Apple’s ecosystem is perhaps the most valuable asset the company possesses, after its brand, so eyebrows were raised when Google yesterday announced plans to replicate many of the key elements of that ecosystem.
While some Apple fans were outraged at what they saw as blatant copying of Apple features, my view is that this is good news for Android and iPhone users alike …
First off, the company has announced that it will expand its AirDrop-like “Nearby Share” feature to Windows PCs, allowing Android users to easily and wirelessly share photos, videos, and files from Android phones to PCs. This is, of course, incredibly similar to using AirDrop between an iPhone and Mac.
In the audio space, Google has announced that it will bring its Fast Pair feature to Windows PCs, Google TV, Android TV, and Matter-compatible smart home products.

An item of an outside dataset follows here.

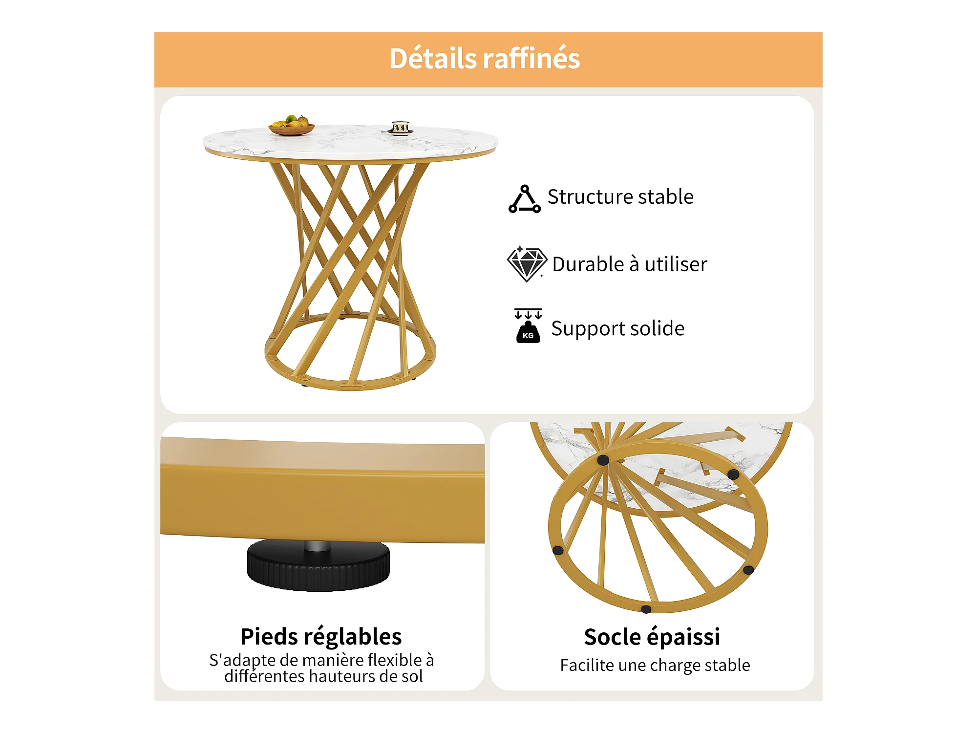 Mesa redonda para 4 personas, 80×80×76 cm, tablero de MDF marmolado, patas de metal dorado, ideal para cocina o salón.

This means that Fast Pair-compatible headphones will be able to seamlessly connect to these devices, just like AirPods can effortlessly pair with iPhone, iPad, Mac, Apple Watch, and Apple TV.
Google went on to describe its plans to allow Wear OS smartwatches to unlock Chromebooks, and to adopt Spatial Audio.
Of course, Apple has borrowed from Android just as Google has borrowed from Apple, so neither company can be too surprised or aggrieved when this sort of thing happens. All the same, the extent of this replication is unarguably aggressive on Google’s part. If I were in Tim Cook’s place, I might feel at least a little peeved.
As an Apple customer, however, I’m delighted. The Apple ecosystem is my number-one reason for choosing the company’s devices, and it’s one of the main reasons for switchers to move from Android – but we all know that things don’t always work perfectly
I still use Dropbox rather than iCloud because it syncs faster. I still sometimes have to copy, paste, and email text to myself when I want to instantly switch devices and Handoff is still waiting to, er, handoff. My Apple Watch generally unlocks my Mac, but there are times when it says it’s unlocking and then fails, and other times when my Mac doesn’t even acknowledge the existence of my Watch. I could go on, as I’m sure we all could.
So when Google starts offering the same benefits in the Android/Chromebook ecosystem, that puts a lot of pressure on Apple to do two things: add new ecosystem benefits to stay ahead, and improve the performance and reliability of existing ones. That’s a win for everyone; bring it on.